• _How to complete this task_
Nothing but the lines from the top of the data to the line holding "For this base" should be printed, word for word and both ends included; leave the pictures out.

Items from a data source
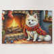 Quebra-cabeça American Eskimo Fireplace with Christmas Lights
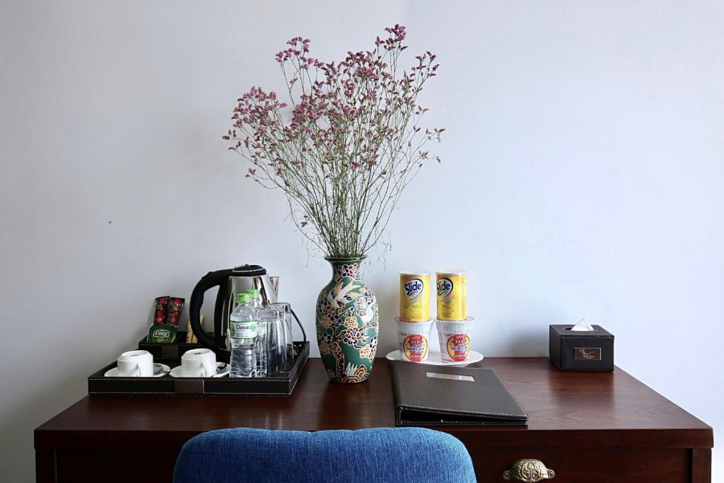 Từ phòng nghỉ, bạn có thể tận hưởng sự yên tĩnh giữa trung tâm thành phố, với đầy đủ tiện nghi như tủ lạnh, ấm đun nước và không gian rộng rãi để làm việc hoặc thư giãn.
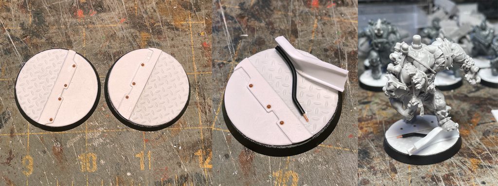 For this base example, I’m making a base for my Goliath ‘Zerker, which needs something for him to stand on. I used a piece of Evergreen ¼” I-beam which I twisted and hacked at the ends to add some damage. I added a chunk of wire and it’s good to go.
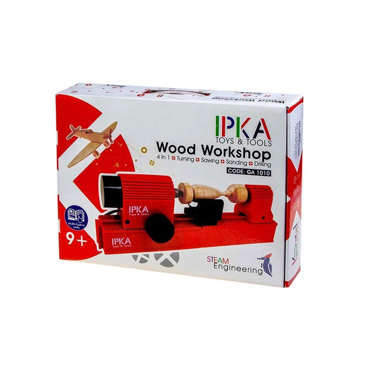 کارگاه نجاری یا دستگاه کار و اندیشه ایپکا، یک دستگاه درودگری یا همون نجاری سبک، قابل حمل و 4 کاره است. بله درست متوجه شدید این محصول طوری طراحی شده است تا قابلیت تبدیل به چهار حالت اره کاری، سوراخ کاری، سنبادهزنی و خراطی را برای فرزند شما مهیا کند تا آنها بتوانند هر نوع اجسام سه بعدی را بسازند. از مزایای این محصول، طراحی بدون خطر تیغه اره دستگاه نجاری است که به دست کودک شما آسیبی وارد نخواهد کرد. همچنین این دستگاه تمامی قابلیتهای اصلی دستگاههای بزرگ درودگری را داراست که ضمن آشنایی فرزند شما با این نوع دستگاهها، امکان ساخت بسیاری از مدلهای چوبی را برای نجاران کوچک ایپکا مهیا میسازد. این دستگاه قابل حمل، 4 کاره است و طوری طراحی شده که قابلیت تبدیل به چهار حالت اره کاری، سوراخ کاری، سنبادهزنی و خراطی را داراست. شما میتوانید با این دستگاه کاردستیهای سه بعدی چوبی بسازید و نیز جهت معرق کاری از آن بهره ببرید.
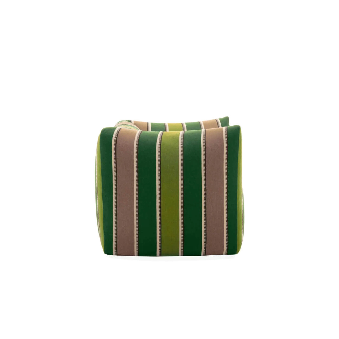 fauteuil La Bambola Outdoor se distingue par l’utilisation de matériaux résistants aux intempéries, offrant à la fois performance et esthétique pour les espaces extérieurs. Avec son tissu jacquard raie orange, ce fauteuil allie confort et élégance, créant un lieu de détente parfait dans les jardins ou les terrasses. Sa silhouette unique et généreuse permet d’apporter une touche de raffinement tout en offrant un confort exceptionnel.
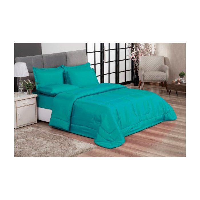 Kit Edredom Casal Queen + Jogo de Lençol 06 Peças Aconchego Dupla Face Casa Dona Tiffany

• _Exercise output_
 Quebra-cabeça American Eskimo Fireplace with Christmas Lights
 Từ phòng nghỉ, bạn có thể tận hưởng sự yên tĩnh giữa trung tâm thành phố, với đầy đủ tiện nghi như tủ lạnh, ấm đun nước và không gian rộng rãi để làm việc hoặc thư giãn.
 For this base example, I’m making a base for my Goliath ‘Zerker, which needs something for him to stand on. I used a piece of Evergreen ¼” I-beam which I twisted and hacked at the ends to add some damage. I added a chunk of wire and it’s good to go.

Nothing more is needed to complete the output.